§ **Your assignment**
Set down, word for word, every line of the material below from the one containing "Playstation Controller Icon" through the one containing "Тунисын парламентын ойн", but none of its pictures.

* * * *

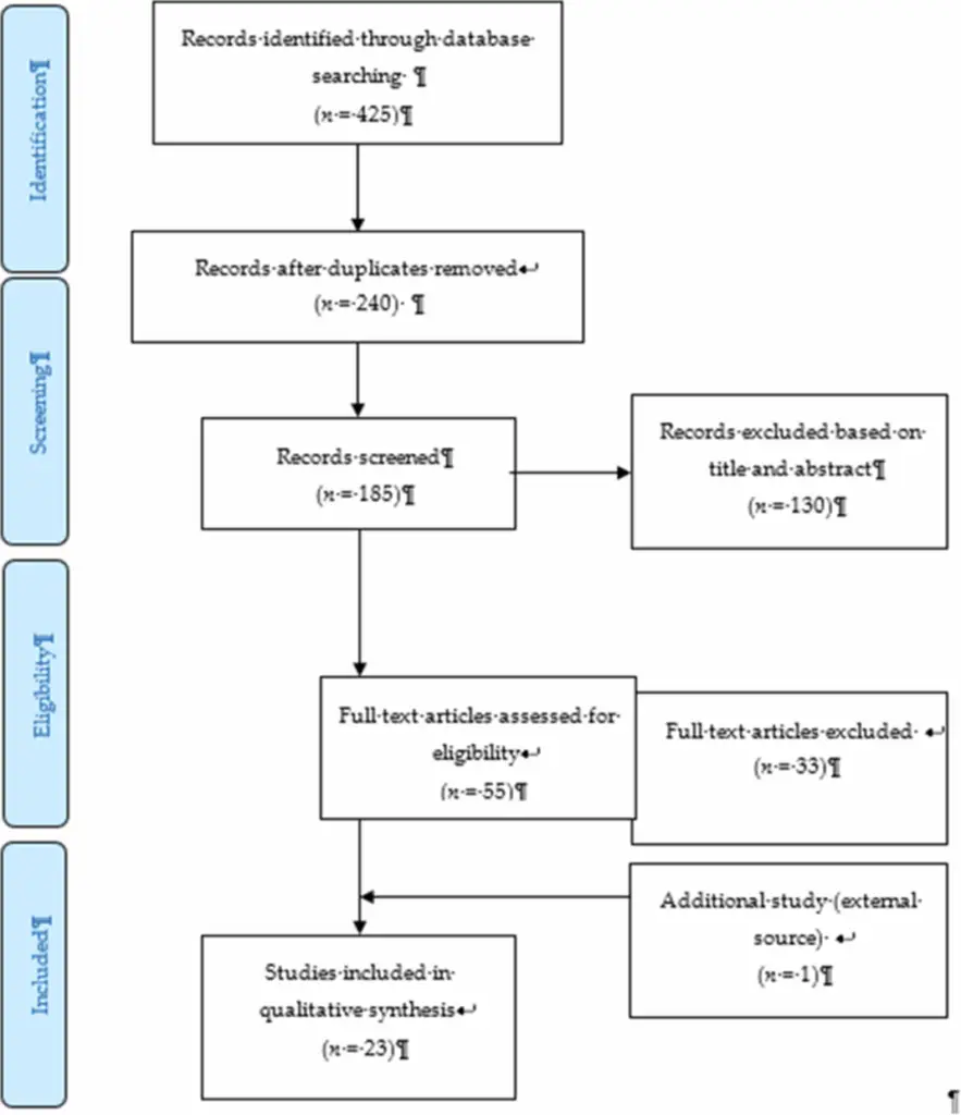 وجد البحث الأولي 425 دراسة للمراجعة، ولكن بعد إزالة التكرارات وتطبيق المعايير المذكورة أعلاه، قمنا بتضييق المجموعة إلى 22 مقالة، وكلها كمية في تصميم دراستها. تتضمن الدراسات ثلاث دراسات مستقبلية لمجموعة [ 24 ، 25 ، 26 ]، وتجربة مجتمعية واحدة [ 27 ]، ودراسة حالة وشاهد واحدة [ 28 ]، وتسع دراسات مقطعية [ 29 ، 30 ، 31، 32 ، 33 ، 34 ، 35 ، 36 ، 37 ، 38، 39، 40 ، 41 ، 42 ، 43 ، 44 ، 45 ] . بعد مناقشة متأنية، وافقت جميع لجان المراجعة على إضافة دراسة نوعية واحدة [ 46 ] للمساعدة في توفير المنطق للنتائج الكمية . تم اختيار الورقة البحثية النوعية لأنها ناقشت جميع المجالات تقريبًا المتعلقة بعوامل الخطر والحماية الموجودة في هذه المراجعة.
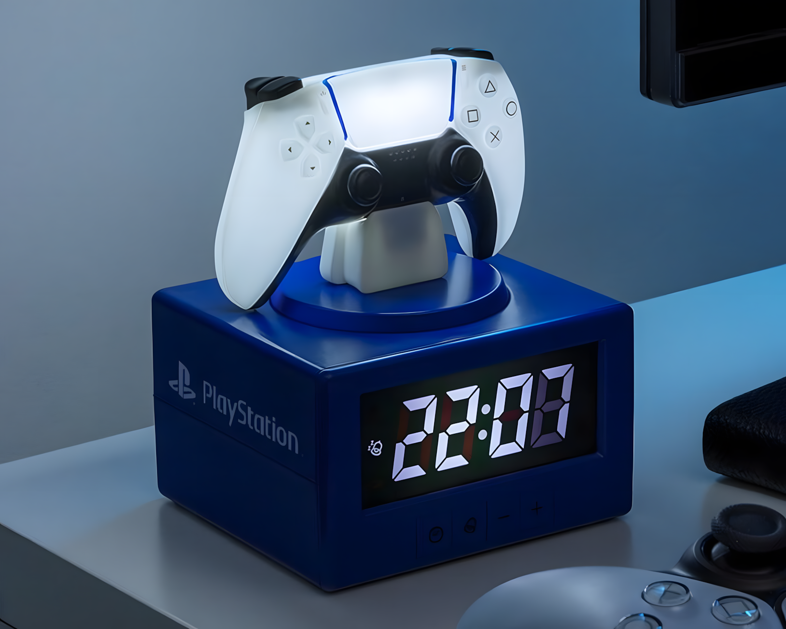 Playstation Controller Icon is an alarm clock from Paladone that combines functionality with an iconic design. Its clear display makes it easy to see the time from different angles, which is practical for all gamers who want a sleek and informative detail in their room. With a height of about 18 cm, this alarm clock is a perfect companion on the nightstand or in the gaming room. It is officially licensed and makes an amazing gift for both gaming enthusiasts and PlayStation fans. The alarm clock is powered by 3x AA batteries (not included). Summary- For gamers and PlayStation fans
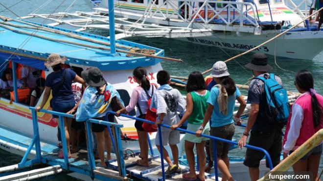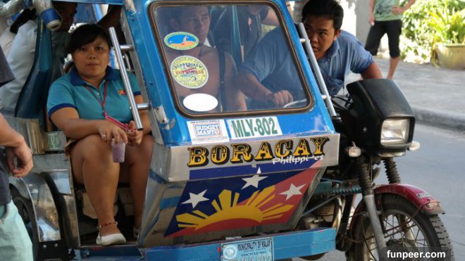 ②島上交通:這島嶼其實並不很大,共分為Station 1,2,3,島上到處有小摩多車出租,租金一趟介於20至30比索(2零吉左右),或是搭島上的三輪車德士(50-150比索視距離而定)。
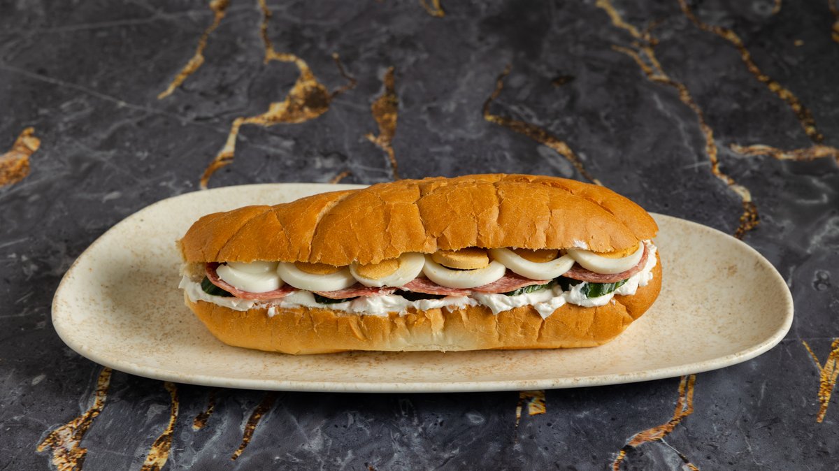 Με σαλάμι αέρος , μαγιονέζα,αγγούρι και αυγό
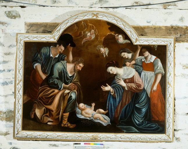 Au centre de la toile figure l'Enfant Jésus nu, sa tête est posée sur un coussin. La Vierge et saint Joseph sont agenouillés respectivement à droite et à gauche. Derrière saint Joseph, un berger s'incline, soulevant son chapeau de la main gauche et tenant un bâton de l'autre. Derrière la Vierge se tiennent deux bergères, l'une porte une corbeille sur la tête, l'autre croise les mains sur sa poitrine. Au niveau du cintre de la toile cinq angelots émergent d'une nuée.
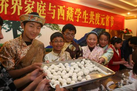 中新網3月3日電 據南通市僑聯消息,2月28日,與江蘇省南通市僑界家庭結對的50名藏族孩子全部“回家”與“親人”共度元宵佳節。
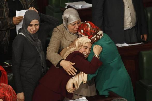 Тунисын парламентын ойн баярын дараа эмэгтэй гишүүд бие биедээ баяр хүргэв.
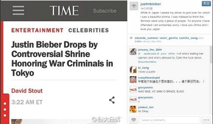 丁日在instagram上对靖国神社拍照事件做出道歉:While in Japan I asked my driver to pull over for which I saw a beautiful shrine. I was mislead to think the Shrines were only a place of prayer. To anyone I have offended I am extremely sorry. I love you China and I love you Japan。(via. 谷大白话)

* * * *

§ **Answer section**
 Playstation Controller Icon is an alarm clock from Paladone that combines functionality with an iconic design. Its clear display makes it easy to see the time from different angles, which is practical for all gamers who want a sleek and informative detail in their room. With a height of about 18 cm, this alarm clock is a perfect companion on the nightstand or in the gaming room. It is officially licensed and makes an amazing gift for both gaming enthusiasts and PlayStation fans. The alarm clock is powered by 3x AA batteries (not included). Summary- For gamers and PlayStation fans
 ②島上交通:這島嶼其實並不很大,共分為Station 1,2,3,島上到處有小摩多車出租,租金一趟介於20至30比索(2零吉左右),或是搭島上的三輪車德士(50-150比索視距離而定)。
 Με σαλάμι αέρος , μαγιονέζα,αγγούρι και αυγό
 Au centre de la toile figure l'Enfant Jésus nu, sa tête est posée sur un coussin. La Vierge et saint Joseph sont agenouillés respectivement à droite et à gauche. Derrière saint Joseph, un berger s'incline, soulevant son chapeau de la main gauche et tenant un bâton de l'autre. Derrière la Vierge se tiennent deux bergères, l'une porte une corbeille sur la tête, l'autre croise les mains sur sa poitrine. Au niveau du cintre de la toile cinq angelots émergent d'une nuée.
 中新網3月3日電 據南通市僑聯消息,2月28日,與江蘇省南通市僑界家庭結對的50名藏族孩子全部“回家”與“親人”共度元宵佳節。
 Тунисын парламентын ойн баярын дараа эмэгтэй гишүүд бие биедээ баяр хүргэв.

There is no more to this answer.